### Supplied data
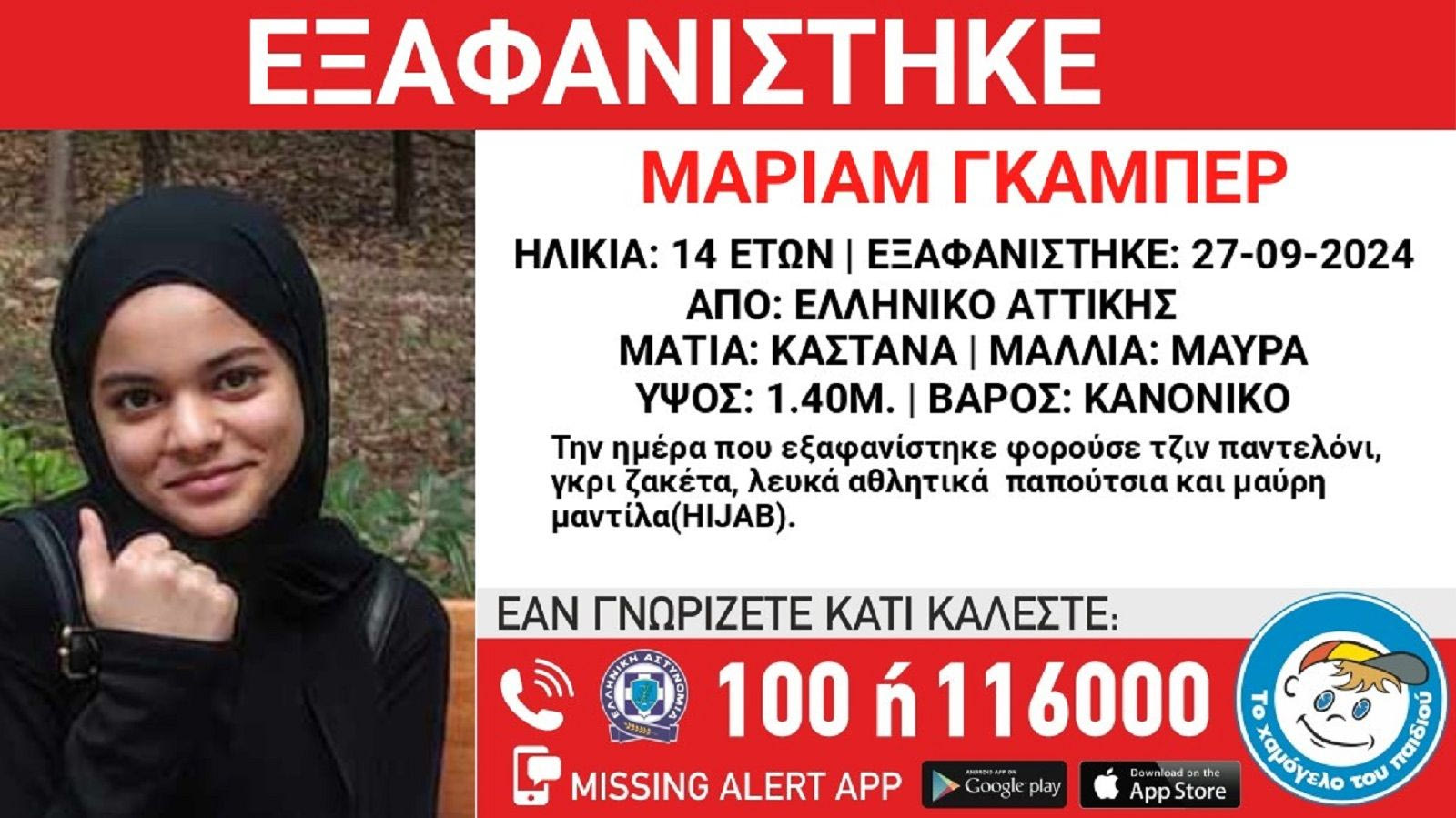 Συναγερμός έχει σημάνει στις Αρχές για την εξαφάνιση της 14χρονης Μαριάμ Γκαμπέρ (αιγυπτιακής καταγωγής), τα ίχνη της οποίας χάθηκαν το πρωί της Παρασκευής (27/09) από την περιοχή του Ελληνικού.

* * *

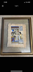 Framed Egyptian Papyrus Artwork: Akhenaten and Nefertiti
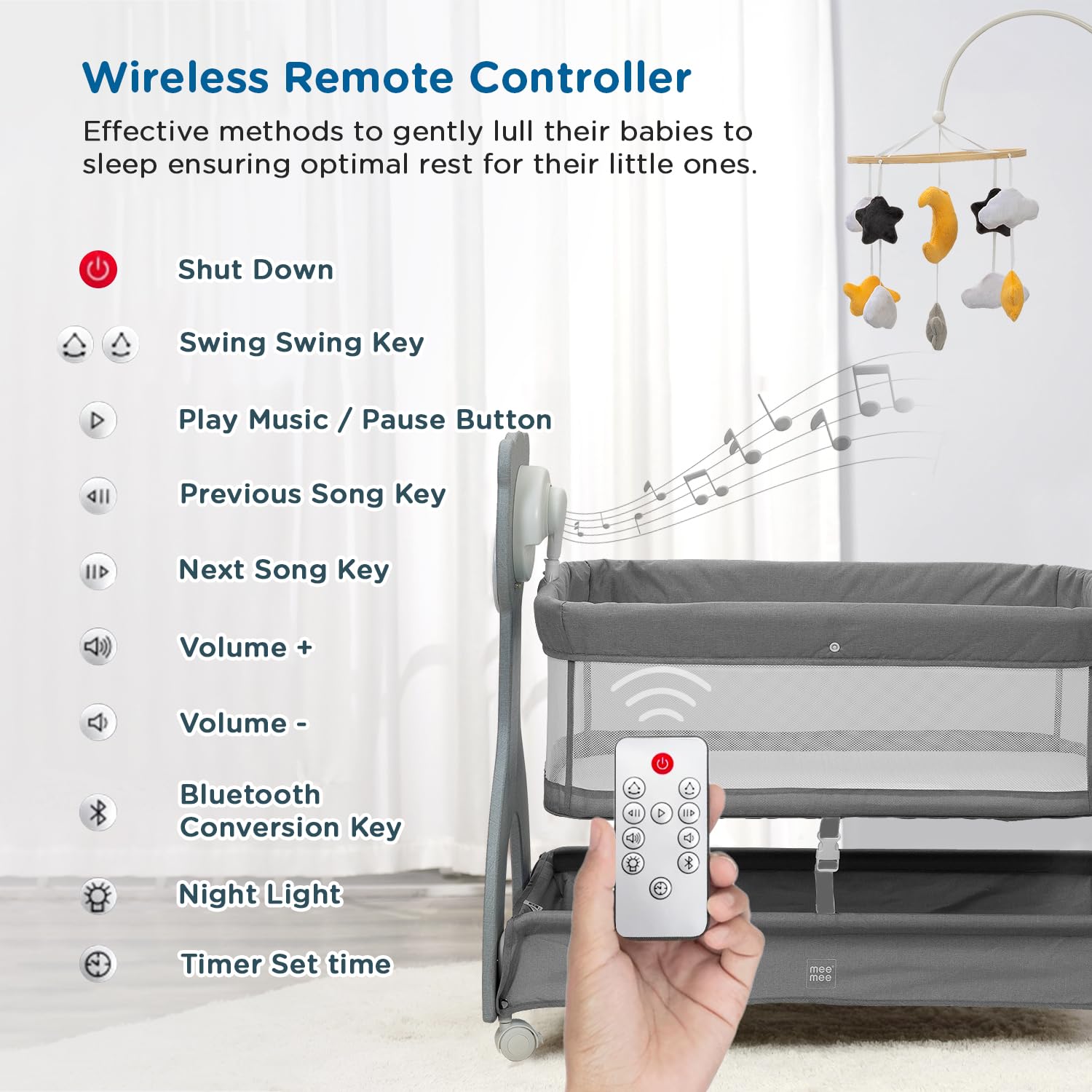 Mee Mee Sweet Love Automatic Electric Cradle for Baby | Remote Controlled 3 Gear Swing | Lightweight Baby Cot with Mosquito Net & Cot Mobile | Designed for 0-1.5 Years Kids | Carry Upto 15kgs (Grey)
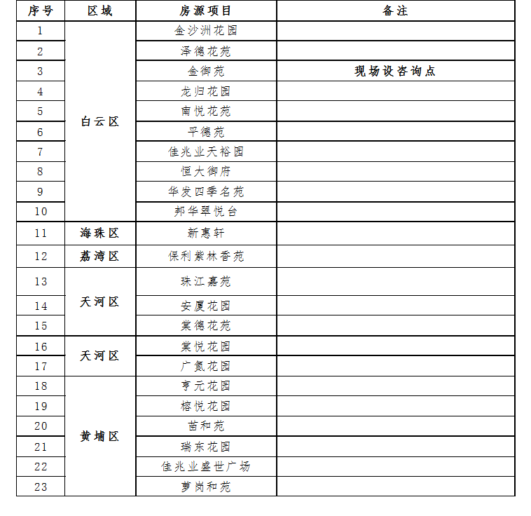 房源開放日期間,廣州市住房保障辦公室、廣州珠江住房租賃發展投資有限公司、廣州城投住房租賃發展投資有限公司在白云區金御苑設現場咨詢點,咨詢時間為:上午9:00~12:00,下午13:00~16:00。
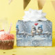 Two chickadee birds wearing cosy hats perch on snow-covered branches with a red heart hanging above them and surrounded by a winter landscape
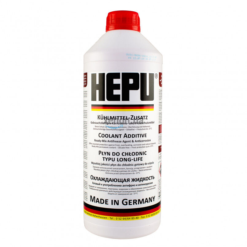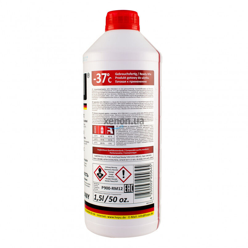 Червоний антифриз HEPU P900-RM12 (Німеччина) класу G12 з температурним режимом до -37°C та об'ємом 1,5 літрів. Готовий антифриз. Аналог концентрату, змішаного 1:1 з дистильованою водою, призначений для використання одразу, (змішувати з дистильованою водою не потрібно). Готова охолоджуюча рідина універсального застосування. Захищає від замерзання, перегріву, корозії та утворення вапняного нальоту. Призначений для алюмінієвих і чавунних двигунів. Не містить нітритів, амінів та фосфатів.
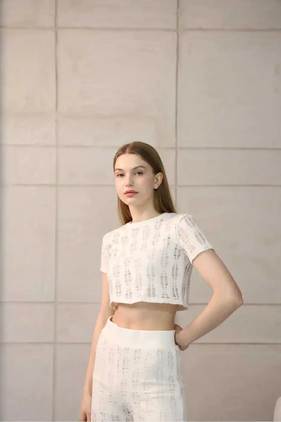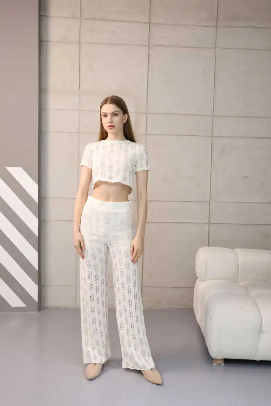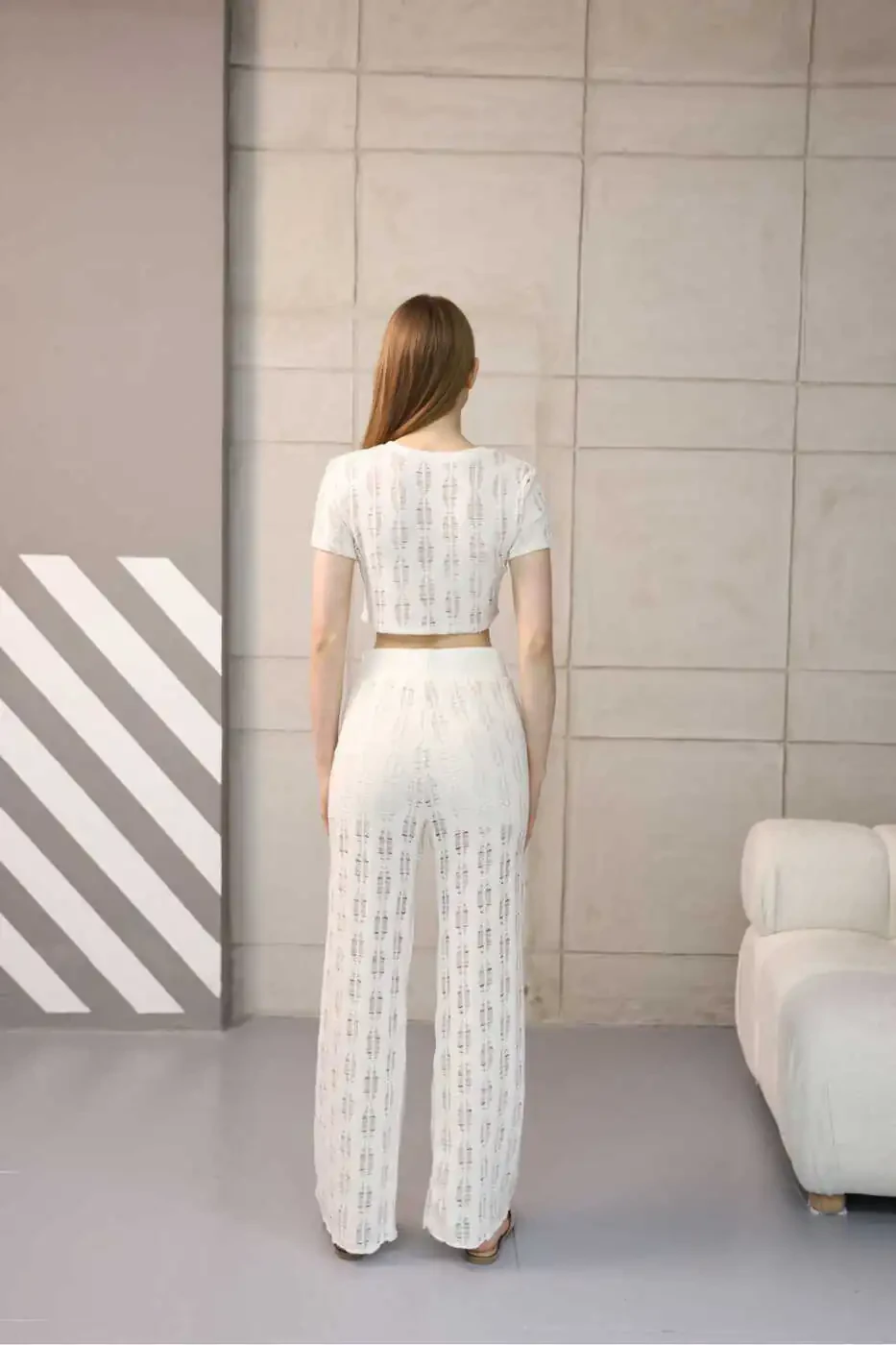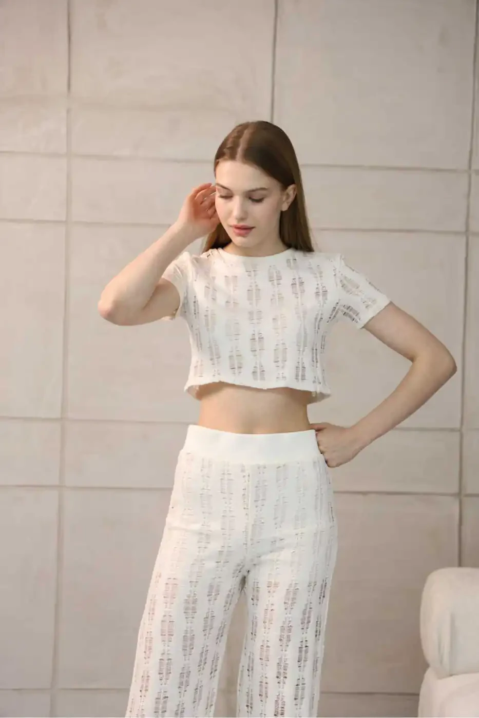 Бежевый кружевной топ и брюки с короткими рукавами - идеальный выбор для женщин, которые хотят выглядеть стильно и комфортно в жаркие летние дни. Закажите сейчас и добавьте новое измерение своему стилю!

### Exercise goal
Given the records above, return the lines starting at the one that holds "Червоний антифриз HEPU" and ending at the one that holds "Бежевый кружевной топ", exactly, and nothing besides; leave every picture out.

### Written solution
 Червоний антифриз HEPU P900-RM12 (Німеччина) класу G12 з температурним режимом до -37°C та об'ємом 1,5 літрів. Готовий антифриз. Аналог концентрату, змішаного 1:1 з дистильованою водою, призначений для використання одразу, (змішувати з дистильованою водою не потрібно). Готова охолоджуюча рідина універсального застосування. Захищає від замерзання, перегріву, корозії та утворення вапняного нальоту. Призначений для алюмінієвих і чавунних двигунів. Не містить нітритів, амінів та фосфатів.
 Бежевый кружевной топ и брюки с короткими рукавами - идеальный выбор для женщин, которые хотят выглядеть стильно и комфортно в жаркие летние дни. Закажите сейчас и добавьте новое измерение своему стилю!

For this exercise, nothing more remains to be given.